Some neuroscientists maintain that Fast ForWord is a prime example of what happens in the brain-based education industry: A few limited studies with a neuroscientific basis are used to underscore decades of marketing. Yet many schools and teachers across the nation who've used Fast ForWord have seen astronomical gains in their students' reading capabilities.
In other words, the conclusions here are murky at best. If a strategy or program produces results, use it. Just don't assume that its value is unequivocally proven by brain science.
We don't need to be so wary of discoveries in neuroscience that we write them off, however. They can still contribute enormously to a dynamic classroom, especially if they're seen as a "tool, rather than a philosophy," as one educator, LoriC, put it in an Edutopia.org discussion. (For specific strategies, see the "Fact" links at right.) "Maybe we need to approach this sort of learning like Thomas Edison might have," she wrote. "Try it, see what works, and learn as much from the failures as you do from the successes."
Plus, neuroscientists urge educators to trust themselves on this. If a claim seems off, it probably is, and if it confirms something that already seems to work, it's probably on the right track. "Usually, when scientists discover something true about the brain," notes Sylwester, "it doesn't surprise teachers."
By Sara Bernard
Edutopia
December 1, 2010
You've surely heard the slogans: "Our educational games will give your brain a workout!" Or how about, "Give your students the cognitive muscles they need to build brain fitness." And then there's the program that "builds, enhances, and restores natural neural pathways to assist natural learning."
No one doubts that the brain is central to education, so the myriad products out there claiming to be based on research in neuroscience can look tempting.
With the great popularity of so-called brain-based learning, however, comes great risk. "So much of what is published and said is useless," says Kurt Fischer, founding president of the International Mind, Brain, and Education (MBE) Society and director of the MBE graduate program at Harvard University. "Much of it is wrong, a lot is empty or vapid, and some is not based in neuroscience at all."
Still, there are some powerful insights emerging from brain science that speak directly to how we teach in the classroom: learning experiences do help the brain grow, emotional safety does influence learning, and making lessons relevant can help information stick. The trick is separating the meat from the marketing.
So what's an educator to make of all these claims?
Standards of Proof
The use of neuroscience in education, relatively speaking, is young. Neuroimaging technologies have really only developed over the last 20 years, so virtually nothing is "proven" at this point. Neuroscientists can point to some aspects of how different parts of the brain function and connect with one another, but when it comes to education, no one can definitively outline more than a few broad concepts.
"My basic recommendation is that if a product claims to be proven by brain research, forget it," says neurologist and former classroom teacher Judy Willis. "Nothing from the lab can be proven to work in the classroom -- it can only correlate."
This might explain why some academics bemoan the term "brain-based learning," including Robert Sylwester, Emeritus Professor of Education at the University of Oregon. "As if it were kidney-based learning last year, and now it's brain based," he grumbles.

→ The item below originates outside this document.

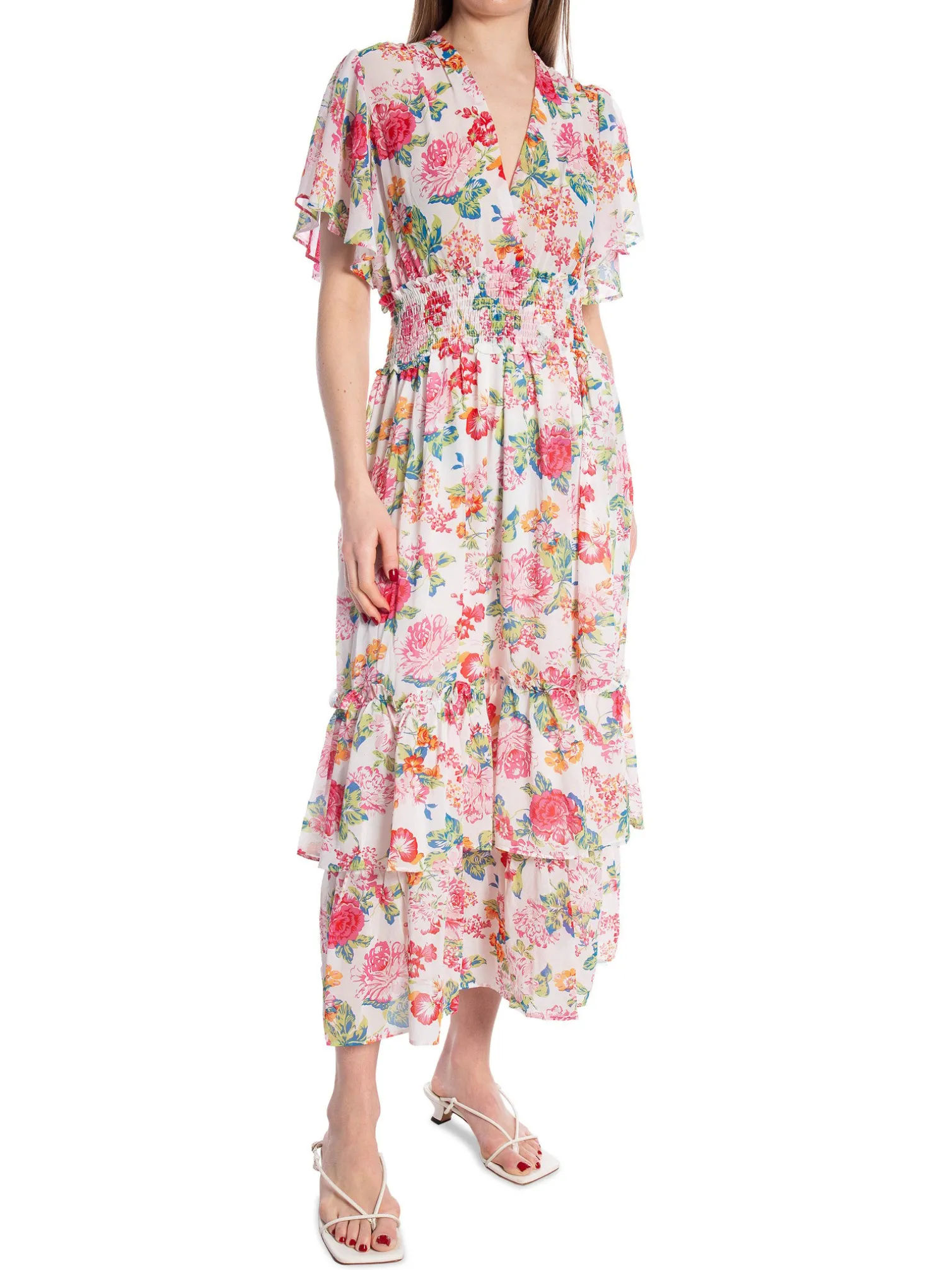 Dress Flower Printed Wrap from Luc-ce. The dress has beautiful ruffle details, a marked waist and a V-neck neckline at the front. Designed in a lovely summery pattern. Wear with a pair of sandals.

Some software companies will "make fabulous claims and have all these testimonials," adds Patricia Wolfe, veteran teacher and administrator and founder of Mind Matters, a workshop and online resource for translating brain science into classroom practice. But in many cases, she says, "the products haven't been tested by anyone who's not selling them."
Myth Busting
Some of the biggest neuro myths, or misguided beliefs about neuroscience that have invaded the general psyche, include the following:
• The brain is static, unchanging, and set before you start school. The most widely accepted conclusion of current research in neuroscience is that of neuroplasticity: Our brains grow, change, and adapt at all times in our lives. "Virtually everyone who studies the brain is astounded at how plastic it is," Fischer says.

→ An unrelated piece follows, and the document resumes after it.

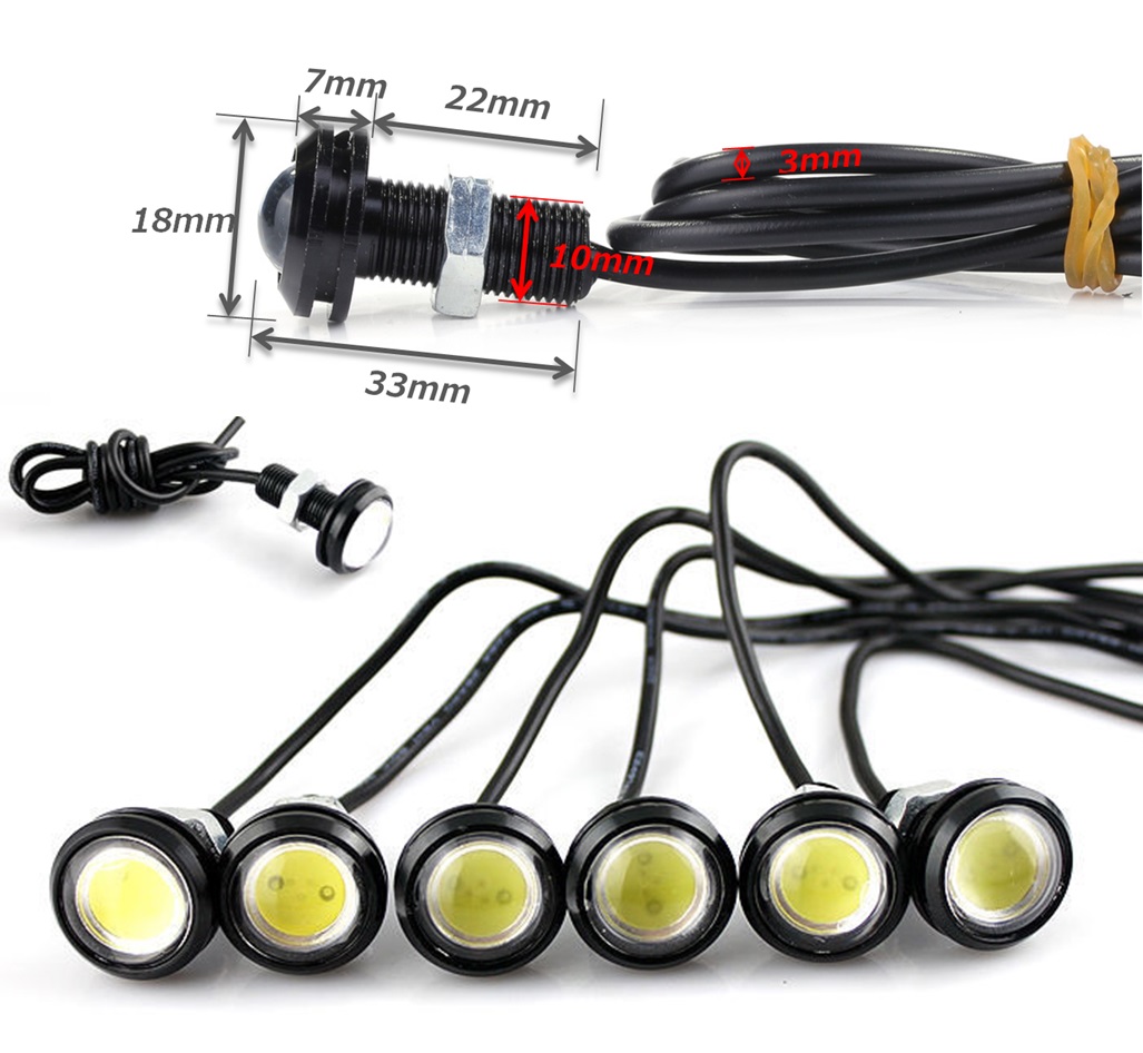 デイライト LED 12V 10個 18mm スポットライト 防水 ボルト 固定タイプ ブラック ホワイト 発光

• Some people are left-brained and some are right-brained. "This is total nonsense," says Fischer, "unless you've had half of your brain removed." This may have emerged from a misunderstanding of the split-brain work of Nobel Prize winner Roger Sperry, who noticed differences in the brain when he studied people whose left and right brains had been surgically disconnected.
• We use only 10 percent of our brains. This is also false, according to Wolfe, Fischer, and a slew of scientists across the globe. In fact, brain imaging has yet to produce evidence of any inactive areas in a healthy brain.
• Male and female brains are radically different. Though there may be subtle differences between male and female brains, there is absolutely no significant evidence to suggest that the genders learn or should be taught differently. This myth might stem from a misinterpretation of books such as The Essential Difference: Men, Women, and the Extreme Male Brain, which focused largely on patients with autism.
• The ages 0-3 are more important than any other age for learning. Even though the connections between neurons, called synapses, are greatest in number during this period, many of the published studies that have to do with teaching during these "critical" time periods involved rats and mazes, not human beings.
"Understanding the Brain: The Birth of a Learning Science," a report published by the Organisation for Economic Co-Operation and Development (OECD), examines these and other unfounded neuroscience claims. Unfortunately, the science behind these ideas is often misunderstood and milked for profit.
Use What Works
Consider the case of Fast ForWord, the much-lauded phonics-based reading software, which is listed on the U.S. Department of Education's What Works Clearinghouse as demonstrating "potentially positive effects on the reading fluency and comprehension domains for adolescent learners." A 2008 study published in the Journal of Speech, Language, and Hearing Research, however, reported that the software "was not more effective at improving general language skills or temporal processing skills than a nonspecific comparison treatment."
Some neuroscientists maintain that Fast ForWord is a prime example of what happens in the brain-based education industry: A few limited studies with a neuroscientific basis are used to underscore decades of marketing. Yet many schools and teachers across the nation who've used Fast ForWord have seen astronomical gains in their students' reading capabilities.
In other words, the conclusions here are murky at best. If a strategy or program produces results, use it. Just don't assume that its value is unequivocally proven by brain science.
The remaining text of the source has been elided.